Thursday, May 24, 2007

An ode to my favourite landmark

The Borneo people awake at sunrise to an evaporating dew revealing a sacred mountain that is the highest in Southeast Asia.
To point to the majestic Mount Kinabalu sprouting out of the largest island in the world is sacrilegious.
That act prompted a slap for the cousin of Datuk Masidi Manjun from his grandfather. It is a memory etched in the mind of Masidi. He vividly remembers that day in the 1950s when he saw his grandfather slapping a cousin.
His cousin had accidentally pointed to the 4,095m mountain with his index finger and the reprimand came hard to cheek from the hands of an elder Dusun whose life is living under the shadow of the mountain until his death.
``Pointing your finger to the mountain was a big no-no for us Kadazandusuns. There was just one of the pantang (taboos) we learnt and abided to,'' said Masidi who grow up at Kampung Tarlobou, some 15kms from the mountain.
For generations, the Kadazandusuns farming the steep slopes of the foothills revered the mountain and they continued to do so after converting to Christianity or Islam as in the case of Masidi's forefathers.
Masidi, a lawyer and now the state Youth and Sports, said as children growing up literally in the shadow of the mountain he and his siblings learnt about how Kinabalu affected their Kadazandusun psyche.
``We grew up listening to numerous myths and legends about the mountain. For instance, as children we my grandparents told us how the souls of Dusun people would travel through Kinabalu to enter the next world.
He this myth was reinforced with a unique rock formation at village called Purak Pakau near Tamparuli, a town on the on way to the Kundasang highlands near Kinabalu.
``The rocks there had etchings like scratch marks and as children we were told these were made by the souls clambering their way to the mountain,'' Masidi said in recalling his grandparents telling about that Kinabalu was the weight that kept the world from spinning out of control.
``The underlying message there was that we should not play the fool with the mountain. It is one of things in creation that keeps a balance in the world,'' said Masidi, sighing and wondering about the seemingly "uncontrolled" development of mainly vegetable farms and resorts that have been mushrooming in the highlands of Kundasang over the past 20 years.
However very little changed within the immediate vicinity of the mountain with the creation of the Kinabalu Park nearly half a century ago.
The 754sq Kinabalu Park, about one a half times the size of Penang island, surrounds the mountain serving as buffer with areas outside which have been cleared for farming.
In 1964, the Kinabalu Park came into being to preserve the mountain's unique environment with its flora and fauna spread out over four climate zones from the lowland dipterocarp forest to the stunted bushes at the windswept summit zone.
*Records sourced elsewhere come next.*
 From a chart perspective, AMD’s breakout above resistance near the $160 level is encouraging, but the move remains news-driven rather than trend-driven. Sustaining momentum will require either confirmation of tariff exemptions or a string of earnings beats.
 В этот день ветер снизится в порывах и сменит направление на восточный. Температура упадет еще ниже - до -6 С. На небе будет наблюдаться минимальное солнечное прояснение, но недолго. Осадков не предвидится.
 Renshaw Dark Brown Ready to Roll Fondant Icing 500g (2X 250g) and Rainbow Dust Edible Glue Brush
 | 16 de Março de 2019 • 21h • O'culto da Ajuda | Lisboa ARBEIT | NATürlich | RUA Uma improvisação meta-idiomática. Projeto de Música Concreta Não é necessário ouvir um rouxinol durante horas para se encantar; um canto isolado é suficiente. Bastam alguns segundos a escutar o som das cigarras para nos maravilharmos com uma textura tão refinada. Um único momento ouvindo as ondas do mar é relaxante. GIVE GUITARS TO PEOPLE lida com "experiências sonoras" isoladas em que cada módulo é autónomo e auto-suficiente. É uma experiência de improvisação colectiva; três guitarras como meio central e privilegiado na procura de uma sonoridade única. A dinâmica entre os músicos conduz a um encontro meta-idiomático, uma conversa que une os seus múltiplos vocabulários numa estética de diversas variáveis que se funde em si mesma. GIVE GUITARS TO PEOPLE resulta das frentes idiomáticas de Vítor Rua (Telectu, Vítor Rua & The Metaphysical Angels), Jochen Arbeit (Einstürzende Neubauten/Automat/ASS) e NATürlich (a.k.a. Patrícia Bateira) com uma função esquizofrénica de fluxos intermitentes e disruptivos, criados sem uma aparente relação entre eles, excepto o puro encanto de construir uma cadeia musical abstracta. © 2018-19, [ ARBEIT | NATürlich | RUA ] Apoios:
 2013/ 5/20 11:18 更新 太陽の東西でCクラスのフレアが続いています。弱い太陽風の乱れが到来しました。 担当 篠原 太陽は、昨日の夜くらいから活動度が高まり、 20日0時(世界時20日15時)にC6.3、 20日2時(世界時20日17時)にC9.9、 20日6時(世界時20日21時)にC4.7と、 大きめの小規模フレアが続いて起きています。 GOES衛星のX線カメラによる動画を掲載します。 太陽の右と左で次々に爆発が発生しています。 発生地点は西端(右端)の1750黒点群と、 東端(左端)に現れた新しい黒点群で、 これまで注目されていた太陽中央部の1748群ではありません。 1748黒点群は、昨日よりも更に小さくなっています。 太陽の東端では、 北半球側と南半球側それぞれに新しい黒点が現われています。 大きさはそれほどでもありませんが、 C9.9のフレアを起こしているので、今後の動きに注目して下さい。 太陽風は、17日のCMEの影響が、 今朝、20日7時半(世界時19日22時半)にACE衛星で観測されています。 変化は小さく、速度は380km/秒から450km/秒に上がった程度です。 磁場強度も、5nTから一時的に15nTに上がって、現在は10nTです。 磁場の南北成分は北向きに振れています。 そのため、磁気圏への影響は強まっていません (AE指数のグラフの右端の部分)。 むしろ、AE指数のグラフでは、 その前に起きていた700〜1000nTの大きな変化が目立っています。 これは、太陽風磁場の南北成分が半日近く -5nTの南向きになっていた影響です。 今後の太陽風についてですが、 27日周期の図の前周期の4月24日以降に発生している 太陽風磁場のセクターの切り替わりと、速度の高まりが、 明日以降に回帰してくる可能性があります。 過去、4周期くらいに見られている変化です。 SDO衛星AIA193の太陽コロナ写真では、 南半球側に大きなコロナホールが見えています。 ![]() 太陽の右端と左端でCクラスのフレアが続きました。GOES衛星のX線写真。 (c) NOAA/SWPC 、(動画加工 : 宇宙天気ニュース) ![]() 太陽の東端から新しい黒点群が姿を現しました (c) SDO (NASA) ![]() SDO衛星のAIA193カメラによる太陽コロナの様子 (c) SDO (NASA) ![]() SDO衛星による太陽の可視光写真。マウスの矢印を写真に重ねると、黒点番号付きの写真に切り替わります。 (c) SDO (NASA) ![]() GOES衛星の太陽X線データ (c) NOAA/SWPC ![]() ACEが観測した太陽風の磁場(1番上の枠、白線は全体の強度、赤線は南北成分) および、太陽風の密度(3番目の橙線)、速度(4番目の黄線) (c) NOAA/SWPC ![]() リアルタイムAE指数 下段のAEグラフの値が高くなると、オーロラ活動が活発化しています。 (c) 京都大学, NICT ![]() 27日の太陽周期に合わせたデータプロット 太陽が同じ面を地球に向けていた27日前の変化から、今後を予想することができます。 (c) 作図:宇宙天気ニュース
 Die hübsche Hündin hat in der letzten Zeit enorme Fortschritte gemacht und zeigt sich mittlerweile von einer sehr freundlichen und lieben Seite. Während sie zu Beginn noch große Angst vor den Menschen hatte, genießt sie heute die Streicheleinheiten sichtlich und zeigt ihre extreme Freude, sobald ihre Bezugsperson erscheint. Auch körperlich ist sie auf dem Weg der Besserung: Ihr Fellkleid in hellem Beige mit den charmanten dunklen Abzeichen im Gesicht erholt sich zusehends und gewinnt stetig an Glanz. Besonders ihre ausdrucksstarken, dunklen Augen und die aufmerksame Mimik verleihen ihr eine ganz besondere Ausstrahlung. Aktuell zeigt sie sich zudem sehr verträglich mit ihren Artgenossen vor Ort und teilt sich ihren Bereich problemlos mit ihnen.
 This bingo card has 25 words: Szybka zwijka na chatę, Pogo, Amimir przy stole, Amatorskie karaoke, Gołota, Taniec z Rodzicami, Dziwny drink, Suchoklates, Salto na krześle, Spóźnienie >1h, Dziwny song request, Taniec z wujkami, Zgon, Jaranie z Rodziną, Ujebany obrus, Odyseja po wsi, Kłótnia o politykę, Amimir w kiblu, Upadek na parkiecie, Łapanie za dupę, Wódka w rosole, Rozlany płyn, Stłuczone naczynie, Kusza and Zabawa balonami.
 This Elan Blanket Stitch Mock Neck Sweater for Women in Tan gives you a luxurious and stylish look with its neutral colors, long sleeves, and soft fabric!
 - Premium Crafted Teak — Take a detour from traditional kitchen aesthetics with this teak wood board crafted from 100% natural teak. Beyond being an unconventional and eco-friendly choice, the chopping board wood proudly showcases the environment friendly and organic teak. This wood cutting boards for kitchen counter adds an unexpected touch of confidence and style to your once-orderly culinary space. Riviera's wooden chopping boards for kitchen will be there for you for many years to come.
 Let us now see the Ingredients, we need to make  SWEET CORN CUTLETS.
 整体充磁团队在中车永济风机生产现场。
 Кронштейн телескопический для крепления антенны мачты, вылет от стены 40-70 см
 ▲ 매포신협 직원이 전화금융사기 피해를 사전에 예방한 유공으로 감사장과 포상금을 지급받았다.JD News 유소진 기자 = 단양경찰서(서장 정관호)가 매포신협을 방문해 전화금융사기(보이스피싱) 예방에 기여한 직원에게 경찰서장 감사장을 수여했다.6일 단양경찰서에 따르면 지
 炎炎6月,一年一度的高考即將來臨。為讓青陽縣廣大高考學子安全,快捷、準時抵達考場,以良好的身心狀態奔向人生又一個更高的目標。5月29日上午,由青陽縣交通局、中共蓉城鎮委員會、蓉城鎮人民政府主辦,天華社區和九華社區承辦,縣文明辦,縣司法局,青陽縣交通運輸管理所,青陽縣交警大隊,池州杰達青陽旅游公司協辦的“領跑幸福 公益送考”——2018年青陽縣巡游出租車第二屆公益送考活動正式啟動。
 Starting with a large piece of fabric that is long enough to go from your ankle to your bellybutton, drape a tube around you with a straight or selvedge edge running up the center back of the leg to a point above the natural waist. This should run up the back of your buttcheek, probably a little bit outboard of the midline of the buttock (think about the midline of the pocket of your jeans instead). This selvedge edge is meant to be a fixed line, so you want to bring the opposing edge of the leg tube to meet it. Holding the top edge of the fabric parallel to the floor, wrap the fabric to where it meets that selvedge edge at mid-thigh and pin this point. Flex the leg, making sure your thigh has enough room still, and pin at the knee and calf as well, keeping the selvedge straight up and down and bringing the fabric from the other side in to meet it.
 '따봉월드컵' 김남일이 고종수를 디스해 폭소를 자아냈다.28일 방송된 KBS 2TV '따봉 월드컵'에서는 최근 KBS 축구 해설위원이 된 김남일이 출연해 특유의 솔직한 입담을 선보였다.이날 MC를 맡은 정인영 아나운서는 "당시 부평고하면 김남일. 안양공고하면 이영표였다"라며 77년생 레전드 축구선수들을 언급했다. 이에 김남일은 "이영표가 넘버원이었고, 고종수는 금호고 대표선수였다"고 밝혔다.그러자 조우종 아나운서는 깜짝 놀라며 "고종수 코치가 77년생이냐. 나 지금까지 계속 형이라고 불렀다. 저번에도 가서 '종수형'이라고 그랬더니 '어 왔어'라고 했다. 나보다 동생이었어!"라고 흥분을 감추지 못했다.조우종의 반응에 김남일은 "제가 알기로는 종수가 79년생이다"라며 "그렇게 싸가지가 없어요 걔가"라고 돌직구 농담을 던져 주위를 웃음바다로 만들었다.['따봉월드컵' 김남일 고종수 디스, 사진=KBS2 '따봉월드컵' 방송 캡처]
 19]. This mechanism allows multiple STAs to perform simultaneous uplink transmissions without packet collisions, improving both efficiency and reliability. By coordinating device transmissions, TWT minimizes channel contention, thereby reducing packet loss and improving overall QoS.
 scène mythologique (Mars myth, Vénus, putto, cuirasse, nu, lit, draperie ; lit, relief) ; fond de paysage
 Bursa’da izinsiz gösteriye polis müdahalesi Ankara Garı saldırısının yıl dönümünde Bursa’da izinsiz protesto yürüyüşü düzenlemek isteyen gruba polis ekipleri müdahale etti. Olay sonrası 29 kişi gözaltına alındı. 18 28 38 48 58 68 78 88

The mountain and the park is home to 1,200 species of orchids, 26 varieties of rhododendrons, nine species of Nepenthes pitcher plants, 80 species of fig trees, 60 species of oak and chestnut trees, 100 species of mammals and 326 species of birds.
The preservation efforts of Mount Kinabalu and its immediate vicinity paid off in 2000 when UNESCO designated Kinabalu Park as Malaysia's first World Heritage site.
Located about a two hour's drive from Kota Kinabalu, each year Kinabalu Park attracts hundreds of thousands of visitors who savour the clean, cool invigorating air.
In 2004, some 415,360 people came to the park and 43,430 of them spent two days trekking to the Kinabalu's Low's Peak, the highest point between the Himalayas and the Snow Mountains of Papua Barat.
Once a year though, top athletes race up and down the mountain in just about two hours in the Kinabalu. The Mount Kinabalu International Climbathon that began more than 20 years ago as a search and rescue exercise for park rangers, mountain guides and porters, is usually held every the first week of every October.
The Kinabalu Park also encompasses the Poring Hot Springs, located 40kms from the park headquarters. For nearly three dacades, the hot sulphur springs combined with cool mountain water have attracted visitors for who spend hours soaking in the open air Japanese-style baths.
Apart from the springs, visitors to Poring may also encounter a blooming Rafflesia, the world's largest flower apart from walking or rather swaying through a 158km-long treetop canopy located among the trees about 41m from the ground.
Tours to Borneo's highest peak are available from any part of the world and the foothill indigenous Dusun people are always there to tell the many legends of Mt Kinabalu.